[Opening Data in this exercise section]

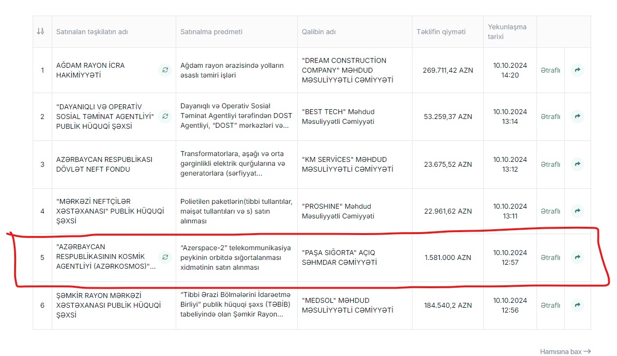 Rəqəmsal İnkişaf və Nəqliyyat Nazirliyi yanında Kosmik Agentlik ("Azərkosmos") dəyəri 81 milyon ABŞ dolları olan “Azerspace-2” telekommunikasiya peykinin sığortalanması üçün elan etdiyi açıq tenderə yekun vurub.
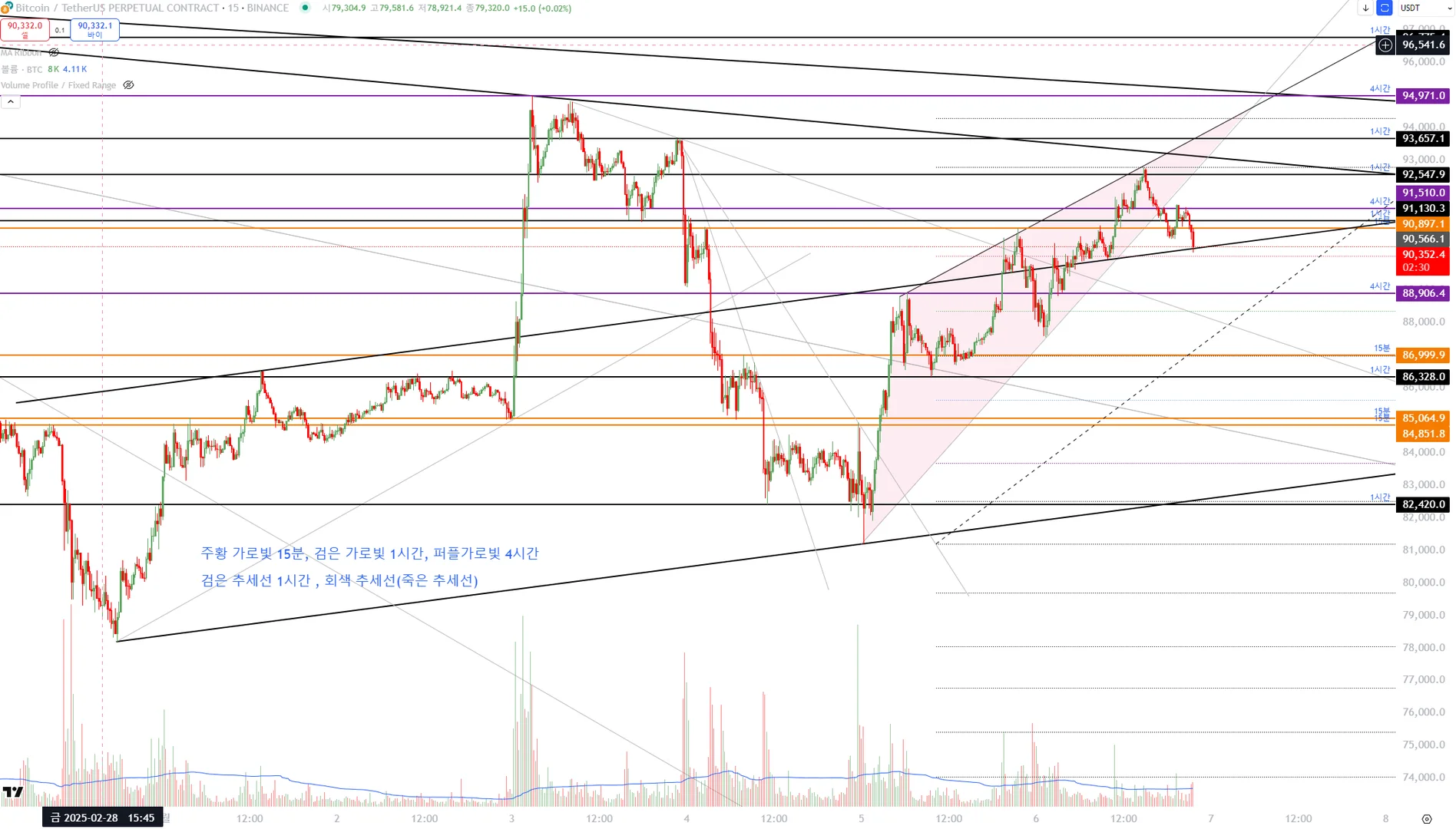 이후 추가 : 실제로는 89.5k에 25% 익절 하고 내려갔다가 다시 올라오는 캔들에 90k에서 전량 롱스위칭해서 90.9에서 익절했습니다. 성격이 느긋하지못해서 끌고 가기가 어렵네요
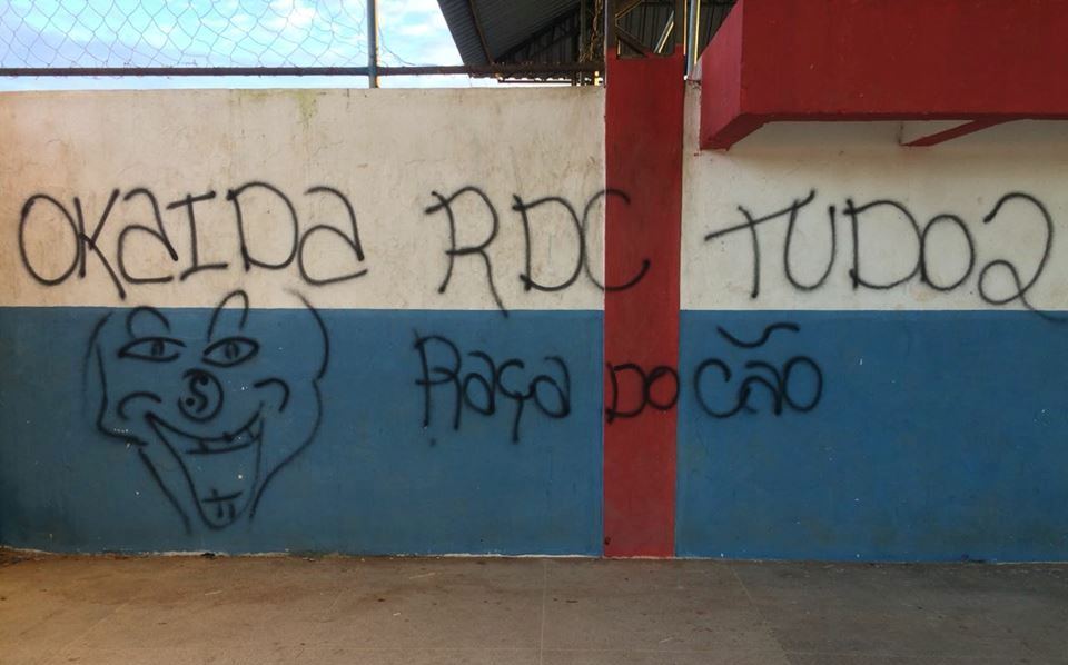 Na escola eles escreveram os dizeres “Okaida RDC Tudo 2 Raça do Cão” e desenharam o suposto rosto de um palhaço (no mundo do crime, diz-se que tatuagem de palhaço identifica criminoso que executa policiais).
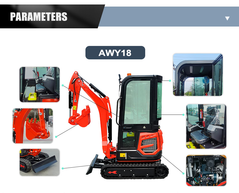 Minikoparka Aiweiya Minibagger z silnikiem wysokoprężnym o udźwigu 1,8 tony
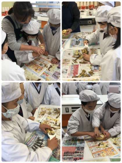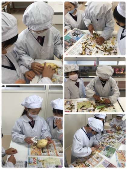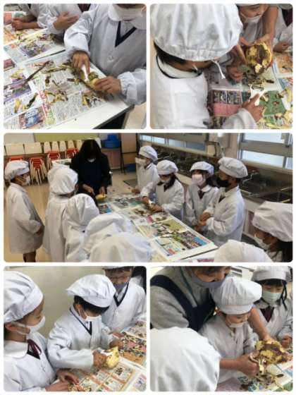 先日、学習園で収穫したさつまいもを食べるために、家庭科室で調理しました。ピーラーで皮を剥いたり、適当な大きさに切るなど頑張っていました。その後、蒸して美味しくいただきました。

[Closing Data in this exercise section]

* **Work instruction**: Write out each line exactly, from the one containing "Minikoparka Aiweiya Minibagger" through the end of the entries, and skip the pictures.

* **Response for this exercise**:
 Minikoparka Aiweiya Minibagger z silnikiem wysokoprężnym o udźwigu 1,8 tony
 先日、学習園で収穫したさつまいもを食べるために、家庭科室で調理しました。ピーラーで皮を剥いたり、適当な大きさに切るなど頑張っていました。その後、蒸して美味しくいただきました。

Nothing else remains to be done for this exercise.